Sorry I haven't been around.  I've been in some major pain and doped up on pain killers.  Although I'm still painful today, I am much better and able to get out of bed and get around...even if it is slowly.  I'm hoping to go back to work tomorrow.

It seems there a couple of things to address here.  One being Roxy's post.  Roxy and I do go back a long way and are friends.  Although Roxy did post on the board and didn't send a PM, it really was intended as a conversation between Roxy and I.  On the other hand, Roxy has always been very open on the boards (one of the reasons I adore her so much).  Roxy has always been helpful and caring and if that means giving advice along with sharing life experiences as a means of letting you know she can relate to your situation and you are not alone...that's Roxy!
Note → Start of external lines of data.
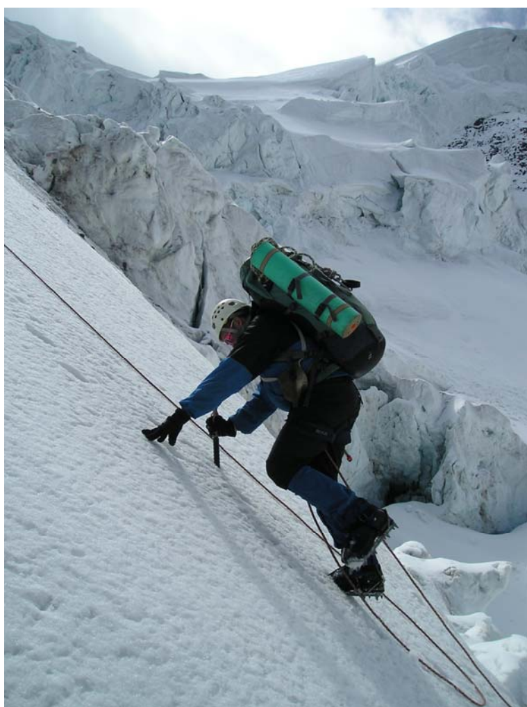
Фото 7. Подъём на пер. Высоцкого (3А, 3670).
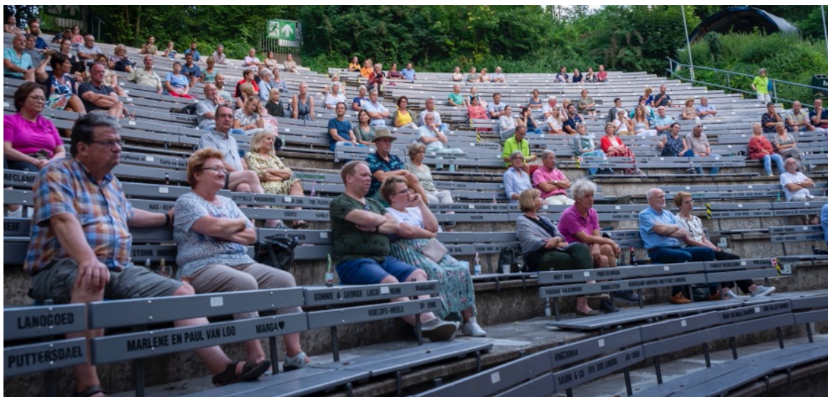
Een uitverkocht huis tijdens coronatijden

De vrijwilligers werden van tevoren goed geïnstrueerd en met hen is ook een testavond georganiseerd om de verschillende looplijnen, het toiletbezoek en dergelijke uit te testen. Alle vrijwilligers ontvingen een mondkapje met het logo van het openluchttheater en de tekst 'toch nog theater'.
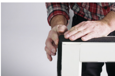
Sist klistras bandet på ovsidan av fönstret. Notera att här skall bandet vara lika långt som det i bottendelen.
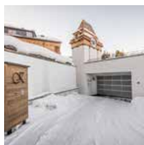
Schneesicher Die Piste und das Auto!
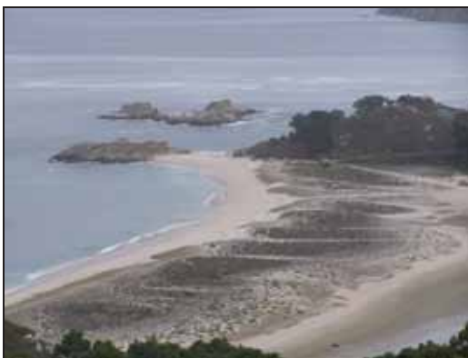
Figura 6. Playa de Rodas (Islas Cíes).

Las emisiones de gases de efecto invernadero (principalmente el CO 2 ), junto con el aumento de la temperatura media global, y la disminución de la salinidad, darán lugar a una cascada de cambios en los ecosistemas marinos afectando a muchas

As for how things are going, not much has changed.  As I stated earlier, I've been in a lot of pain so I've been dealing with that issue.  I haven't found a pyschiatrist yet but have found another source that I've put a call into and am waiting for a return call.  Evidently, USF has a pyschiatric department where you can get counseling and they charge based on income.  Although you do meet with a student, the sessions are recorded and the professor is involved.  It might not be what I had in mind but it's better than nothing at all.  I've actually heard some really good things about the program so we'll see what happens.  As far as working and applying for ssdi, I am faced with some very difficult decisions to make.  I do believe that while I'm working, although only part time...I will certainly be denied.  If I leave my job (which I have no doubt I will lose eventually) to apply for ssdi, I lose my income and health insurance and there is no guarantee I will be approved or even if I am, how long it will take.  I've always been independant and a very proud person so this is all so hard to swallow.  I've had people mention things to me like food stamps, ssi and medicaid but again, I have no idea how all that works or if I would even qualify.  My age (38) is a huge obstacle in all of this. I think my biggest fear of all is not being able to go to the doctor.  My disease is not in control and up to now it never has been but the thought of not being able to go to the doctor or get any medications scares the hell out of me.  So right now, I'm reasearching and trying to find out as much as I can about any and all options.  I return to the doctor in 2 weeks (Yes, the same idiot) and I'm going to find out if they ever found my medical records from the last 2 years, how well he's documented everthing over the past 2 years, if there have been obvious changes on the x-rays and if not can he refer me for an MRI.  During the study they only x-rayed my hands, feet and lungs.  I'd be very surprised if there's not obvious damage on the hand x-rays. The majority of my severe flares are in my knees, shoulders and hips....perhaps they should take a look huh?  I'm actually dreading the upcoming appoinment knowing that if I walk in there again and he "DOESN'T KNOW WHO I AM OR WHY I AM THERE"  I will most certainly flip out and go off the chain.

Thank you all for your caring, support and advice.  I appreciate it more than you could possibly know.

Peace & Love...Neasy

 

Neasy39238.4850347222I see you are worried about loosing your job. Have you gotten your doctor to give you a FMLA? (Federal Medical Leave Act). This would allow you to call out as much as needed but protect your job. Your doctor has to fill out the form saying that you have an illness that requires you to be out of work more often than the employeer may deem necessary. They don't have to pay you when you run out of sick time, but they can't fire you for being out, either.